Your task = Print, word for word, only the lines from the one with "无论是个人用户还是团队用户,首先都需要拥有一个 Cesium 账号并获取" down to the last line of the listing below; no pictures.

Excerpted records =
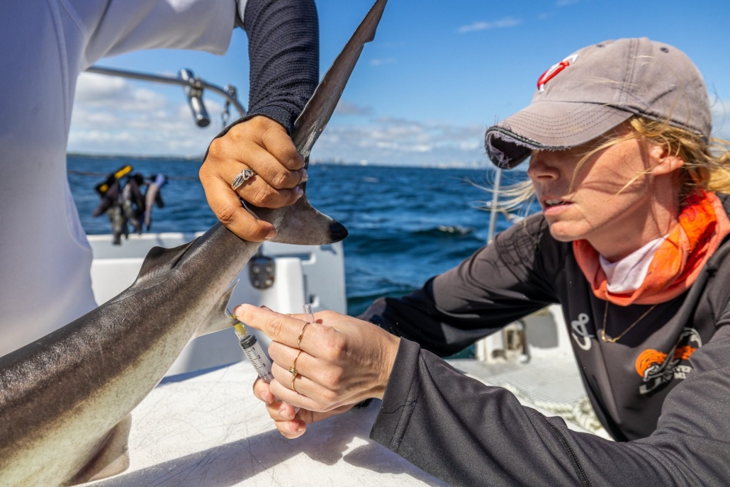 Graduate students working on SRC projects have the opportunity to mentor undergraduate interns, lead shark research trips, and engage with our research and educational partners. SRC’s graduate students have the unique opportunity to explore their research interests, gain leadership skills, and define their career objectives as a part of a supportive, tight-knit lab atmosphere. Many SRC alumni have gone on to successful careers in marine science. Graduate students join SRC through the Rosenstiel School of Marine and Atmospheric, and Earth Science’s Masters of Professional Science and the Master of Science programs, as well as the Abess Center Environmental Science and Policy Ph.D. program.
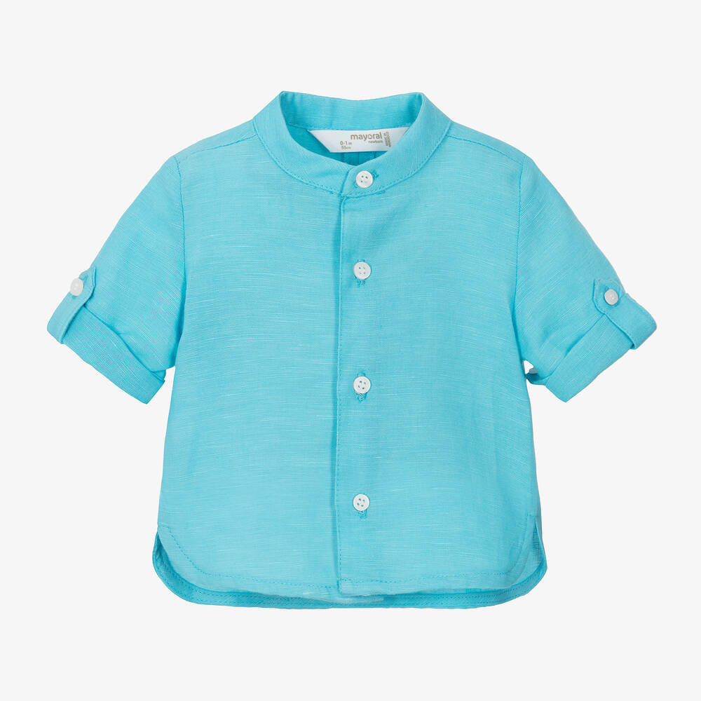 The boys blue linen cotton shirt by Mayoral is a bright blue button-up shirt made from a delicate linen and cotton blend. Featuring a collarless design, neat rounded hem, and long sleeves that can be buttoned up for a relaxed look, this shirt offers both style and comfort. Perfect for spring and summer, it is lightweight and soft, making it ideal for everyday wear. Limited quantities available, so it's the last chance to buy.
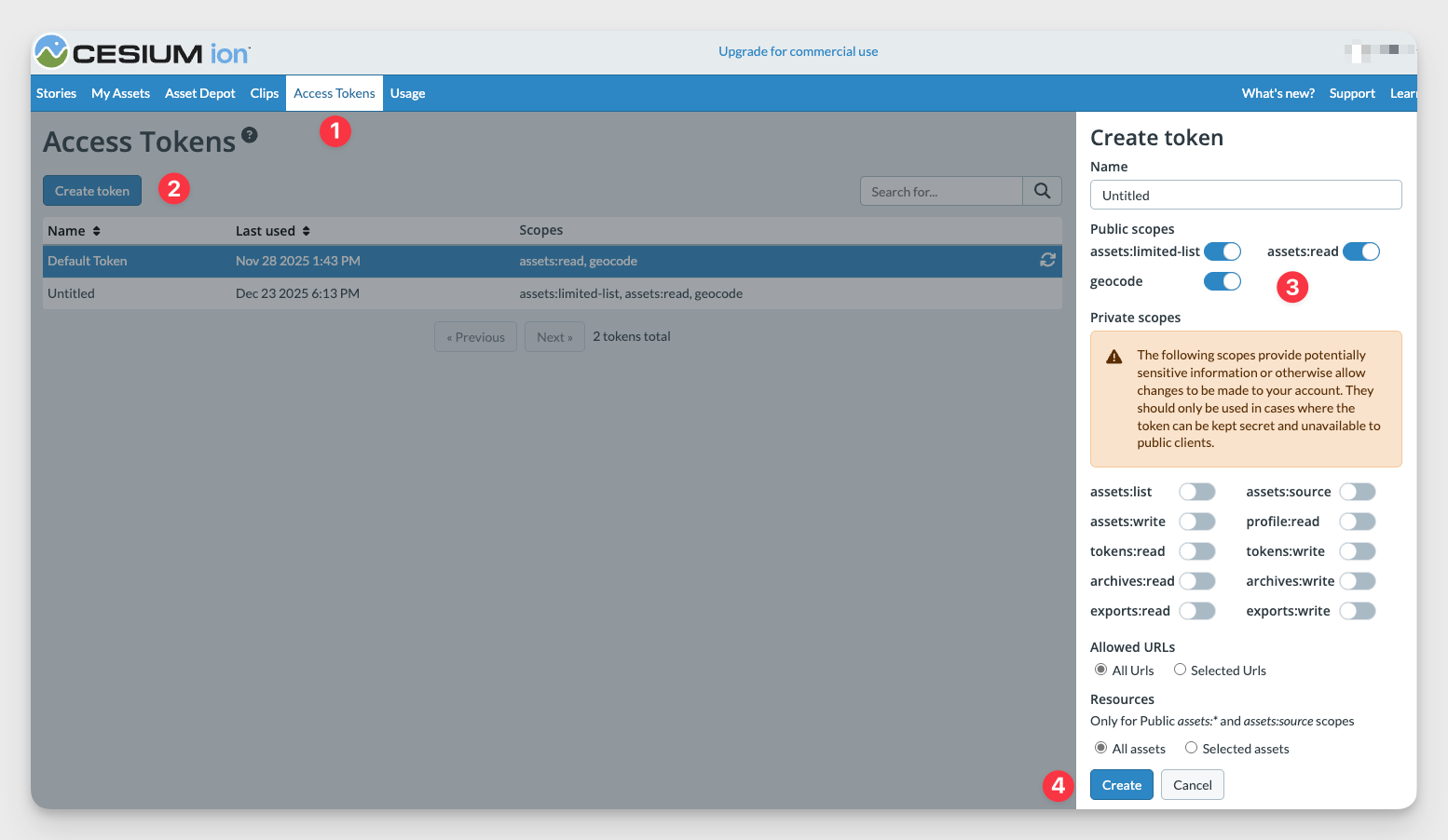 无论是个人用户还是团队用户,首先都需要拥有一个 Cesium 账号并获取 Access Token(访问令牌)。
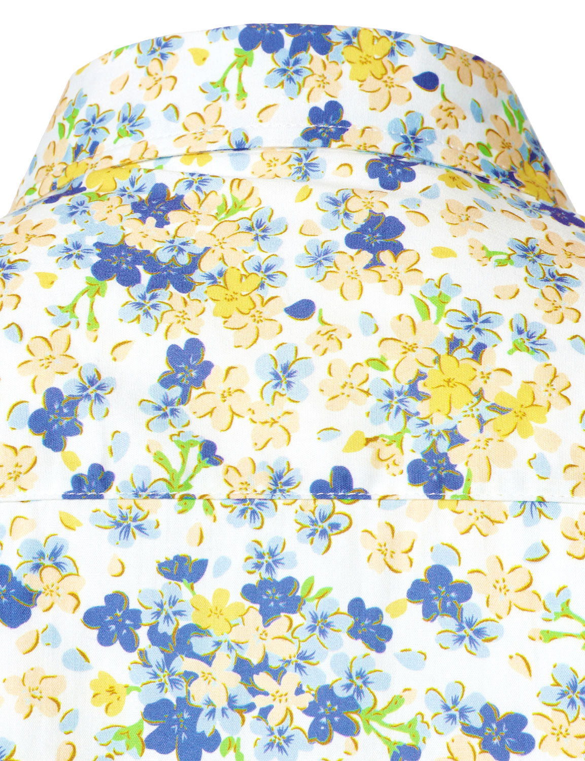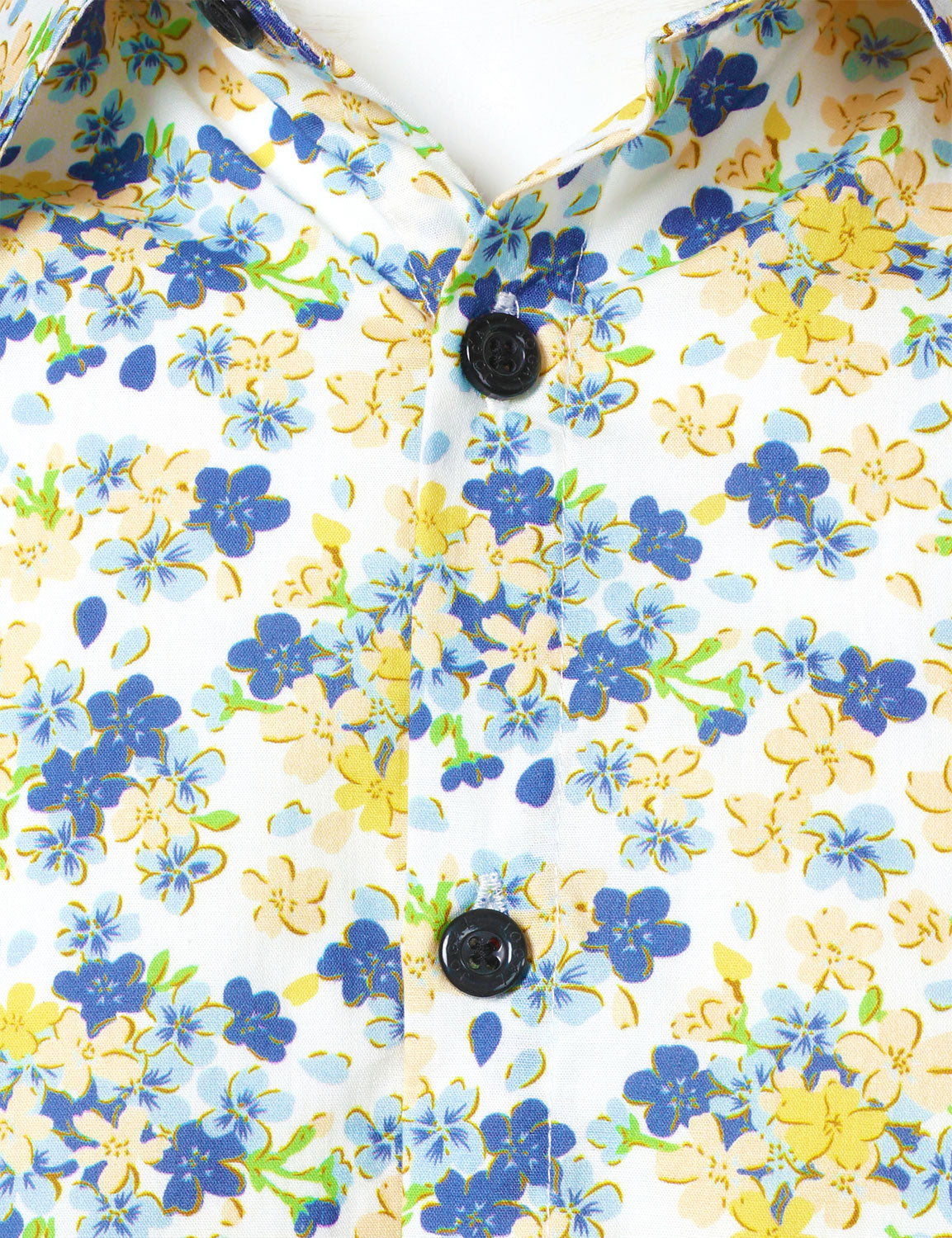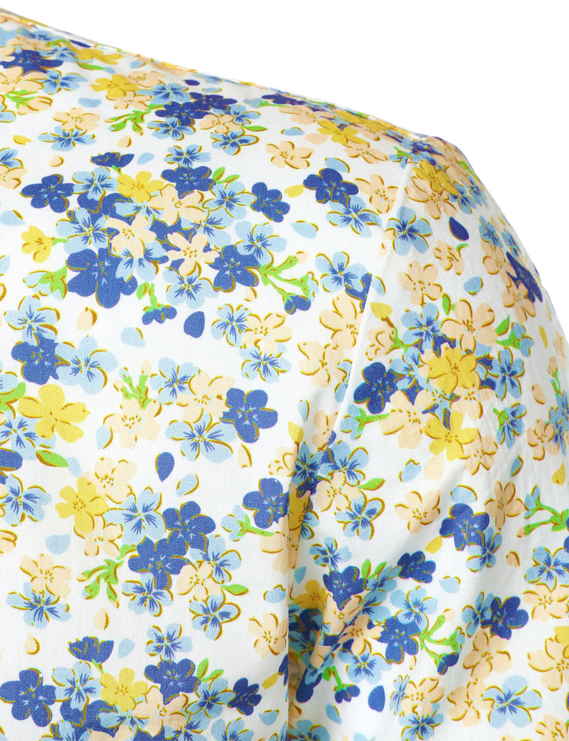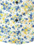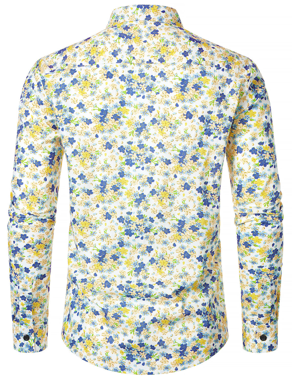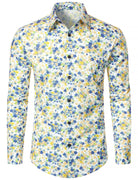 Men's White Breathable Cotton Floral Print Long Sleeve Shirt
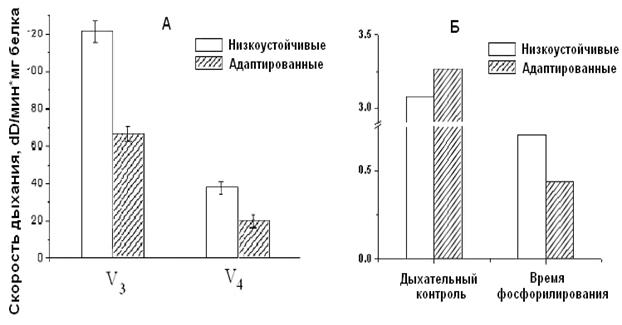 5.1.1 Изучение параметров дыхания и окислительного фосфорилирования в МХ печени и сердца крыс с различной резистентностью к гипоксии

Answer to the exercise =
 无论是个人用户还是团队用户,首先都需要拥有一个 Cesium 账号并获取 Access Token(访问令牌)。
 Men's White Breathable Cotton Floral Print Long Sleeve Shirt
 5.1.1 Изучение параметров дыхания и окислительного фосфорилирования в МХ печени и сердца крыс с различной резистентностью к гипоксии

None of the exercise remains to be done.